Stochastic Ray Tracing of 3D Transparent Gaussians

3D Gaussian splatting has recently been widely adopted as a 3D representation for novel-view synthesis, relighting, and text-to-3D generation tasks, offering realistic and detailed results through a collection of explicit 3D Gaussians carrying opacities and view-dependent colors. However, efficient rendering of many transparent primitives remains a significant challenge. Existing approaches either rasterize the 3D Gaussians with approximate sorting per view or rely on high-end RTX GPUs to exhaustively process all ray-Gaussian intersections (bounding Gaussians by meshes). This paper proposes a stochastic ray tracing method to render 3D clouds of transparent primitives. Instead of processing all ray-Gaussian intersections in sequential order, each ray traverses the acceleration structure only once, randomly accepting and shading a single intersection (or N intersections, using a simple extension).
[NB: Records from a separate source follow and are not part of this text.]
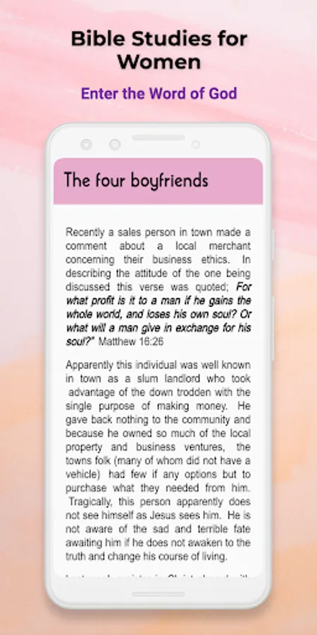 This app is designed to inspire and motivate women to deepen their knowledge of the Bible and take their Bible study to the next level. It offers resources and tools to help women read and better understand God's Word, as well as apply it to their daily lives."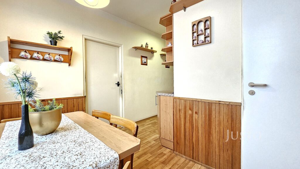 Dispozice bytu nabízí prostorný obývací pokoj (16,2 m²), dva samostatné pokoje (ložnice a dětský pokoj, každý 12,3 m²), kuchyň s jídelní částí (11,1 m²) a předsíň (5,6 m²) s praktickým úložným prostorem/komorou (2,1 m²). Byt je částečně vybaven a připraven k nastěhování či případné modernizaci dle vlastních představ. K bytu náleží sklep, což oceníte pro další možnosti uskladnění.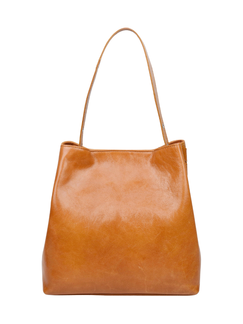 Large orange-brown leather shoulder bag. It features a spacious main compartment that closes securely with a magnetic closure, offering comfort and security. The adjustable strap ensures a comfortable fit all day long.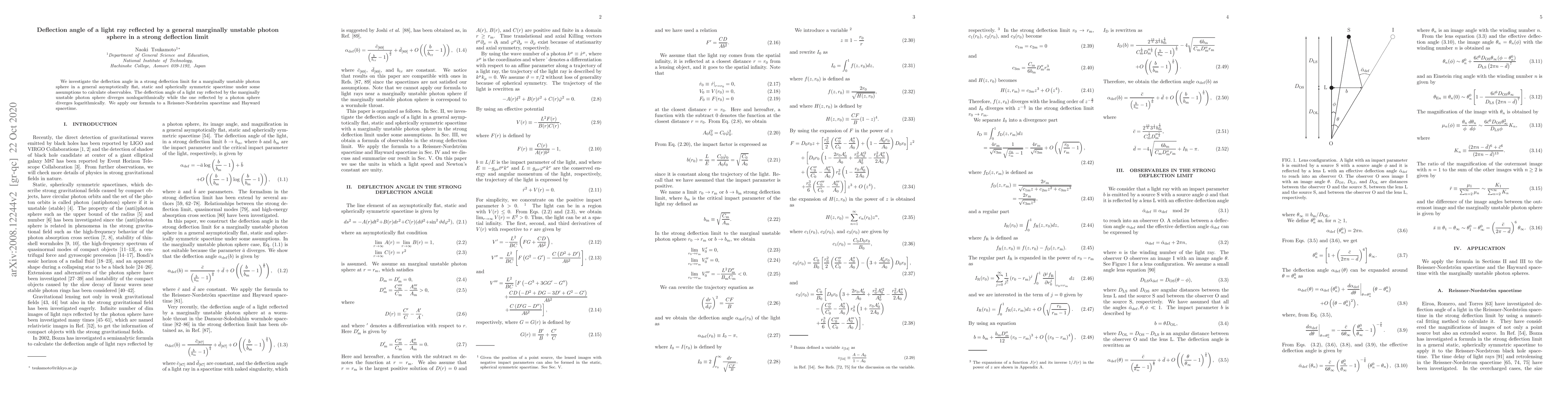 We investigate the deflection angle in a strong deflection limit for a marginally unstable photon sphere in a general asymptotically flat, static and spherically symmetric spacetime under some assumptions to calculate observables. The deflection angle of a light ray reflected by the marginally unstable photon sphere diverges nonlogarithmically while the one reflected by a photon sphere diverges logarithmically. We apply our formula to a Reissner-Nordstrom spacetime and Hayward spacetime.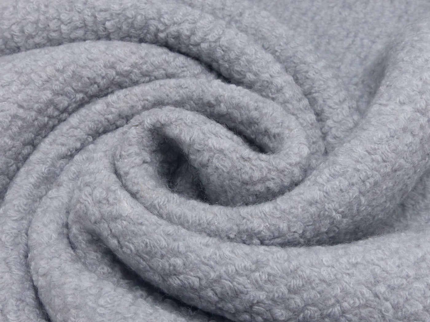 Kuscheliger, griffiger Bouclé-Stoff. Die Qualität ist nicht zu schwer und deshalb super trageangenehm.

This approach minimizes shading time and avoids sorting the Gaussians along the ray while minimizing the register usage and maximizing parallelism even on low-end GPUs. The cost of rays through the Gaussian asset is comparable to that of standard mesh-intersection rays. While our method introduces noise, the shading is unbiased, and the variance is slight, as stochastic acceptance is importance-sampled based on accumulated opacity. The alignment with the Monte Carlo philosophy simplifies implementation and easily integrates our method into a conventional path-tracing framework.